Шум толпы усилился. И вдруг разрозненные крики слились в один — люди на крышах принялись скандировать:
— Це-ли-тель! Рав-ву-ни! У-чи-тель! Рав-ву-ни!
Навстречу бежали мальчишки. Один нечаянно толкнул Миху, едва не выбив у него из рук палку.
Толпа надвинулась на них.
— Ну, теперь держись, — предупредил Калев и принялся работать локтями, проталкиваясь вперед.
— Це-ли-тель! Рав-ву-ни! — скандировали вокруг. — У-чи-тель! Рав-ву-ни!
И вот они в самом сердце толпы. Михе казалось, он попал в водоворот. Его куда-то влекло, тащило, швыряло, кто-то наступил на ногу, кто-то пребольно ткнул в бок. Калева оттеснили в сторону, палку вырвали из рук. В голове все смешалось от шума и пронзительных криков, Миха уже не понимал, кто он и что здесь делает. Без палки и поводыря он был совершенно беспомощен в обезумевшей толпе. Он цеплялся за спешивших мимо людей, но они равнодушно, а то и с брезгливой злобой сбрасывали его руки с себя. Отчаяние охватило его. Сейчас его собьют с ног, втопчут в пыль, смешают с прахом...
И вдруг все кончилось, толпа схлынула, звуки смолкли. Вокруг Михи образовалась пустота. Он не понимал, что случилось. Может быть, он прошел толпу насквозь и остался один на улице? Так и не встретившись с тем единственным, кто мог помочь ему. Живой — но без надежды на исцеление...
При этой мысли накатила такая тоска, что он подумал: лучше погибнуть под ногами бездушной толпы, чем вот так остаться стоять в пустоте, без всякой надежды.

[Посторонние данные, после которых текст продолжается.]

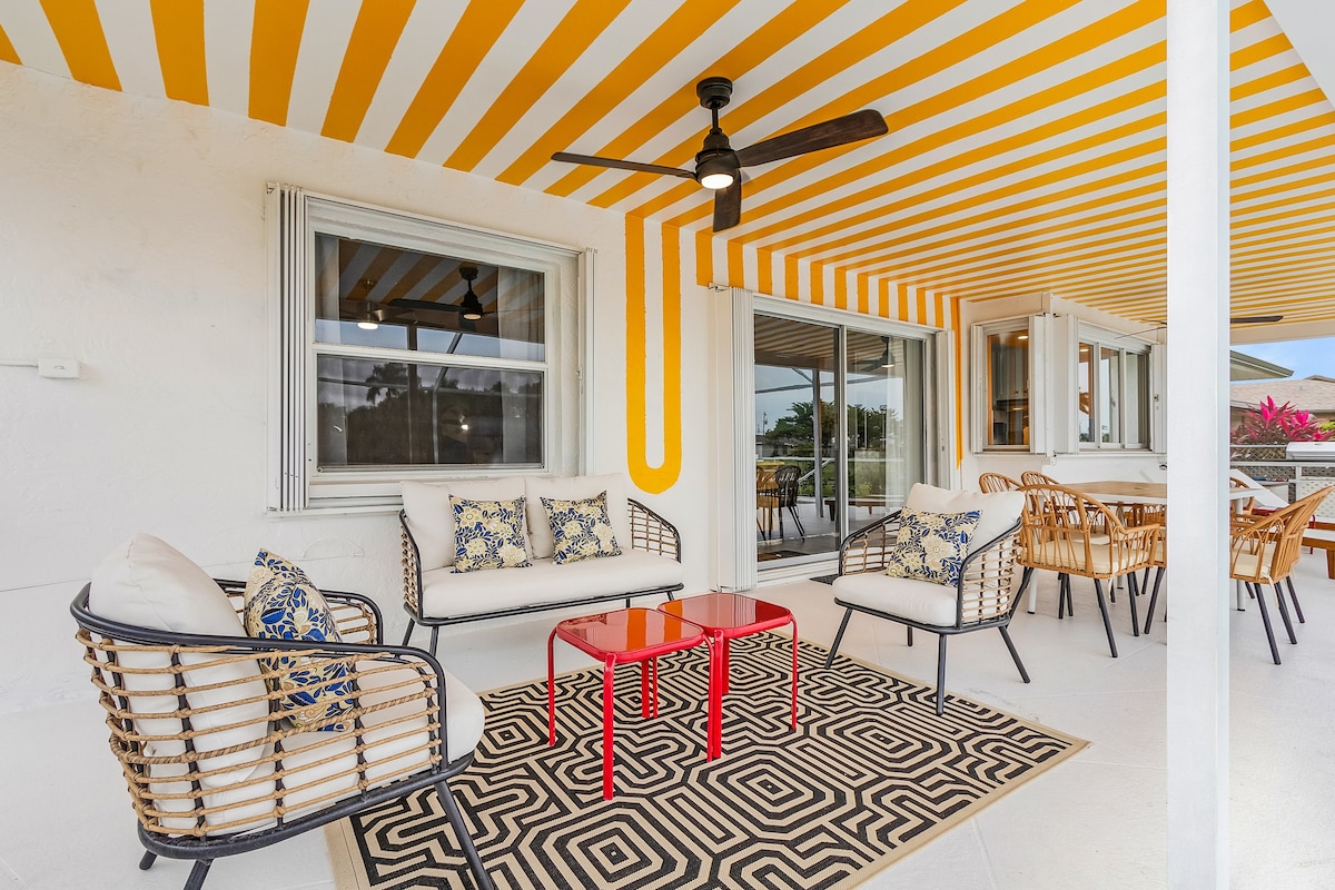 Disfruta de Cape Coral como nunca antes, todo desde esta hermosa villa de 3 dormitorios y 3 baños. Esta elegante villa cuenta con un vibrante interior decorado con muebles italianos y una cocina totalmente equipada. ¡Comienza el día con unos largos en la piscina privada antes de dirigirte a la playa pública del Yacht Club, al parque acuático familiar Sun Splash o a Pine Island para tomar el sol! Después de días de aventuras, continúa creando recuerdos en casa con una barbacoa familiar y un baño en el jacuzzi o disfruta de una noche de cine con tus seres queridos.

Кто-то мягко коснулся его руки. Ласковый голос сказал:
— Идем со мной.
— Кто ты? — спросил Миха.
В его душе не было страха, только удивление.
— Я тот, кого ты ждал. Идем со мной, не бойся. — Его дружески взяли за руку. — Идем, и я помогу тебе.
И они пошли по пыльной улице.
— А где все? — спросил Миха. — Почему я их не слышу?
— Они на месте, — сказал голос. — Я сделал так, что время для них остановилось. Они и моргнуть не успеют, как мы вернемся. Они даже не заметят нашего отсутствия.
— Куда мы идем? — Странно, но Миха испытывал полное доверие к человеку, который держал его сейчас за руку и вел по пыльным улочкам Вифсаиды.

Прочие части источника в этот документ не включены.